Impact: Client reads and writes continue because the surviving replicas serve the data. But performance degrades because recovery starts: for each of the 200 PGs, surviving OSDs read the PG's data and write a new copy to another OSD. This recovery I/O competes with client I/O.

The storm: Without rate limits, 200 PGs rebuilding simultaneously generate enormous disk and network load. Client latency spikes from 5ms to 500ms+. Other OSDs that were healthy start timing out under I/O pressure, and monitors mark them as down too. Now you have a cascading failure where the "recovery" is making things worse.

Recovery: Set osd_recovery_max_active (default 3, lower to 1 for busy clusters) and osd_recovery_sleep to throttle recovery. Prioritize PGs with the fewest remaining replicas. Monitor ceph health detail and watch for slow_ops warnings. Once recovery finishes (minutes to hours depending on data volume), the cluster returns to full health.

Scenario 2: CRUSH Map Misconfiguration

What happens: An operator adds new OSDs but doesn't update the CRUSH rules. The new OSDs are added under the default host bucket but not assigned to the correct rack or AZ in the CRUSH hierarchy. CRUSH now places replicas on nodes it thinks are in separate failure domains but are actually in the same rack.

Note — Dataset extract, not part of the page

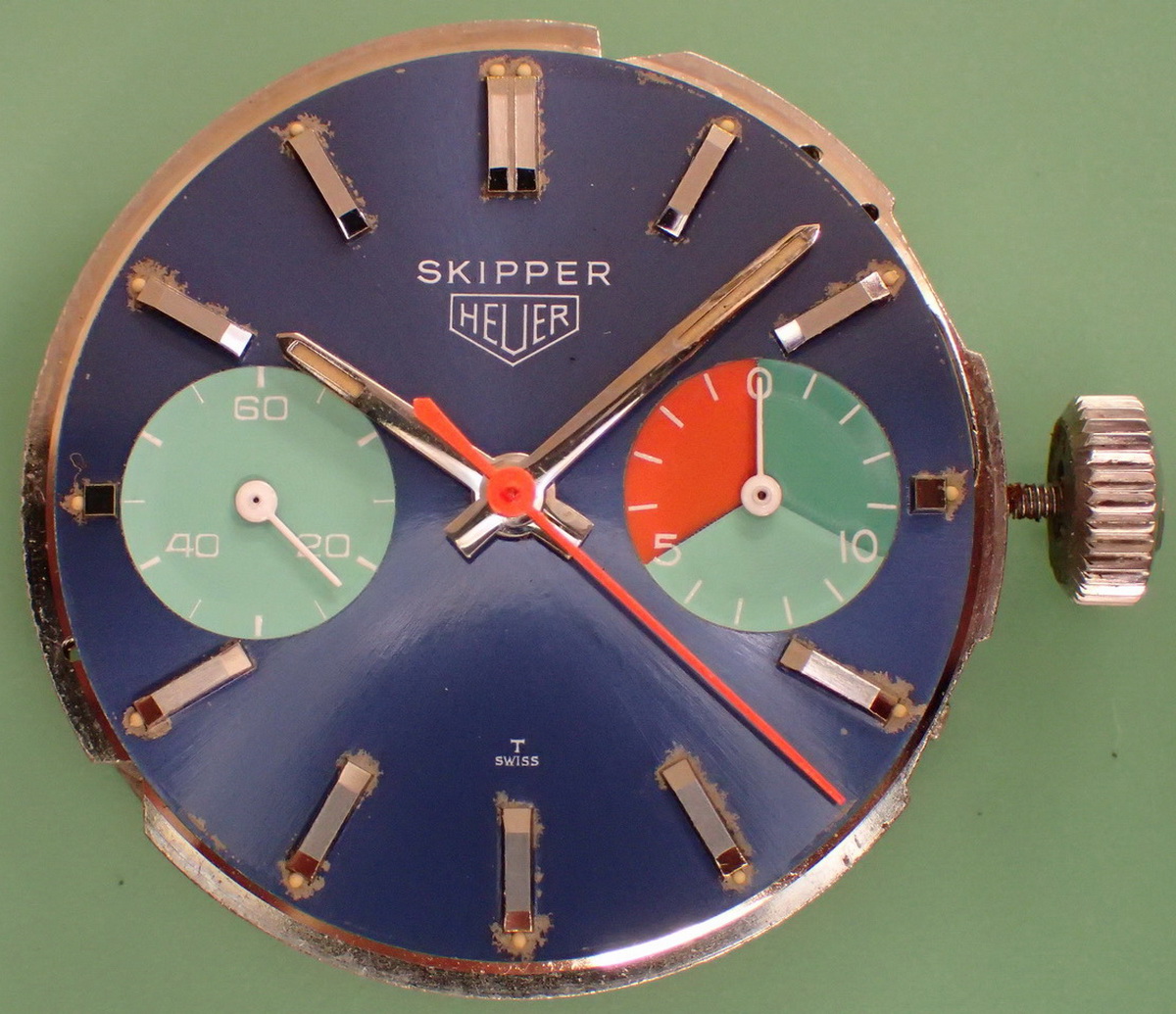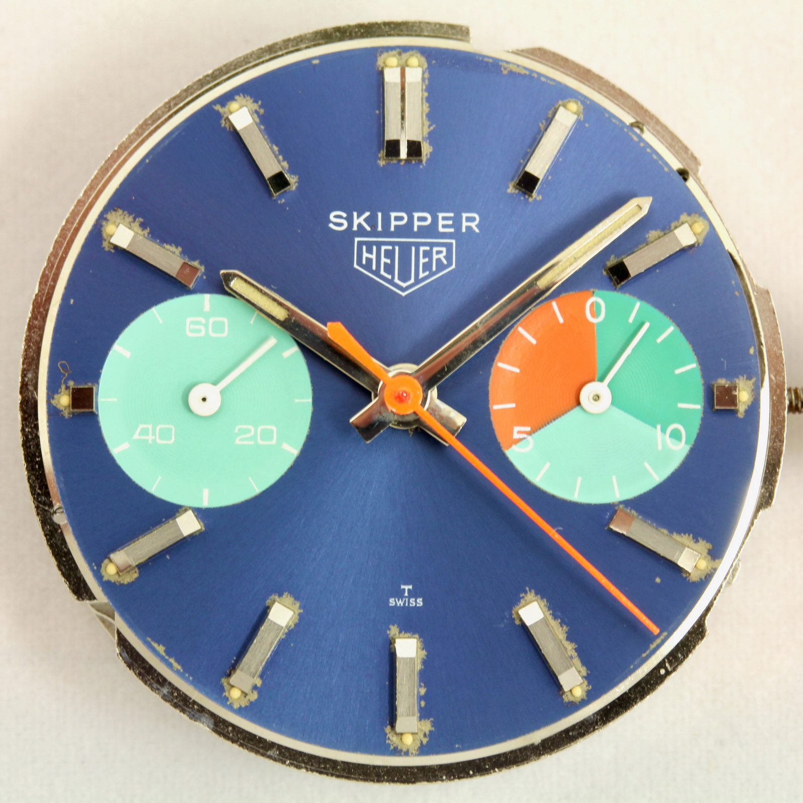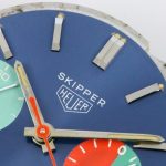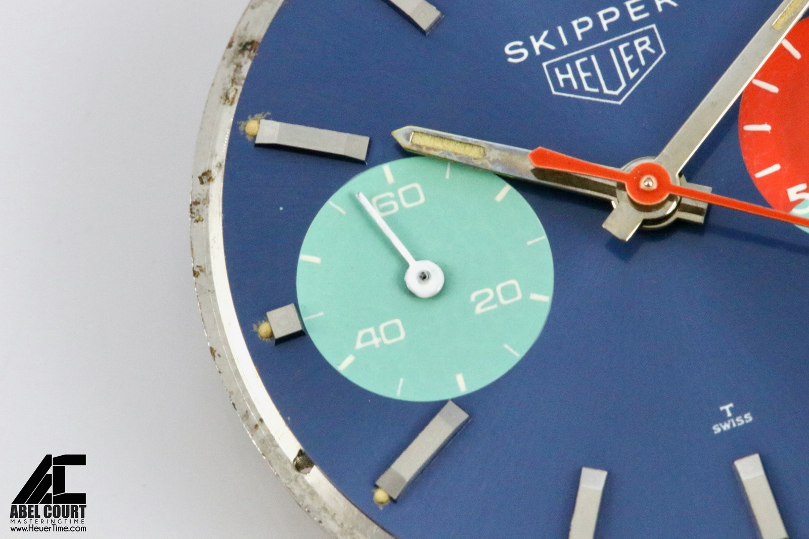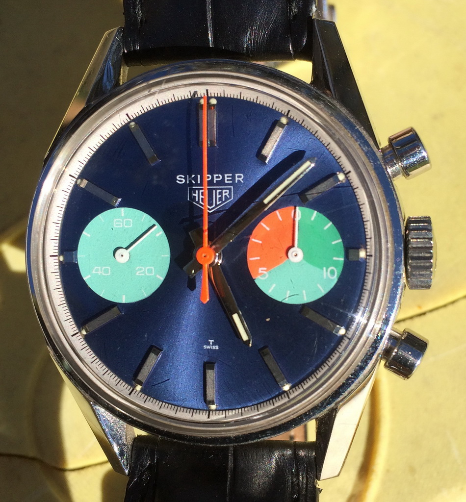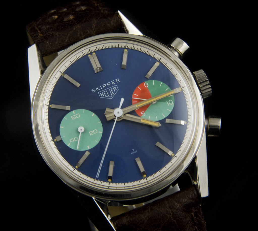 The Skipper Reference 7754 uses a Carrera case; has a blue dial; green, blue and orange segments on the minute recorder; polished steel hands; this is the only Skipper that does not have a rotating bezel. Known as the "Skipperrera".

Impact: Data is less protected than it appears. The cluster reports "3 replicas in 3 different hosts" but two of those hosts are in the same rack. A rack power failure now loses two replicas instead of one.

Detection: Run ceph osd tree and verify the hierarchy matches your physical layout. Use crushtool --test to simulate failures and verify that placement rules actually distribute data across the intended failure domains. This should be part of your deployment checklist.

Recovery: Update the CRUSH map with correct bucket assignments. Ceph will automatically rebalance data to match the new rules. This triggers data movement, so do it during a maintenance window.

Scenario 3: Monitor Quorum Loss

What happens: Two of three monitors go down (same rack, same power circuit). The remaining monitor cannot form a Paxos quorum.

Impact: The cluster map cannot be updated. No new OSDs can join, no failed OSDs can be marked down, no PG recovery can start. Existing reads and writes continue if clients have a cached cluster map and the OSDs they need are still up. But any change to the cluster state is frozen. New clients that don't have the map cached can't connect at all.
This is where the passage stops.